**Problem : **
What is the multiplicity of each root of *P*(*x*) = (*x* - 3)^{2}(*x* - 5)^{3}(*x* + 1)?

*x* = 3 has multiplicity 2.

*x* = 5 has multiplicity 3.

*x* = - 1 has multiplicity 1.

**Problem : **
If *x* = 2 - 7*i* is a root of *P*(*x*), what is another root?

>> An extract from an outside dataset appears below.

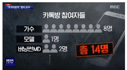 MBC뉴스데스크 보도에 의하면 불법촬영물이 공유된 정준영 단톡방에 있던 멤버는 모두 14명 이라고 합니다. 새멤버로 거론된 K씨는 '단체 메시지방에 참여한건 맞지만, 불버 사진이나 영상물을 공유한적은 없다.'라고 혐의를 부인했다고 합니다. 경찰은 이에 단톡방에 있었던 모두가 수사 대상이라고 발표했습니다. 한편 네티즌들은 K씨가 누군지 새멤버는 누군지 궁금해 하고있다고 합니다.

Name one real factor
of *P*(*x*).

Root:

*x* = 2 + 7*i*.

Real factor:

*x*^{2} - 4*x* + 53.

**Problem : **
If *x* = 4 - 3*i* is a root of *P*(*x*) = *x*^{3} -12*x*^{2} + 57*x* - 100, factor *P*(*x*)
completely.

*P*(*x*) = (*x* - 4 + 3*i*)(*x* - 4 - 3*i*)(*x* - 4)
**Problem : **
If 2 + 5*i* is a root of *P*(*x*) = *x*^{3} -5*x*^{2} + 33*x* - 29, factor *P*(*x*)
completely.

*P*(*x*) = (*x* - 2 + 5*i*)(*x* - 2 - 5*i*)(*x* - 1).

**Problem : **
How many complex roots foes 4*x*^{5} +3*x*^{4} -2*x*^{3} + 1 have?

5.

**Problem : **
How many complex roots does 3*x*^{4} +4*ix*^{3} +3*ix*^{2} +4*x*^{2} - 5*ix* - 2*x* + 5*i* - 7
have?

4.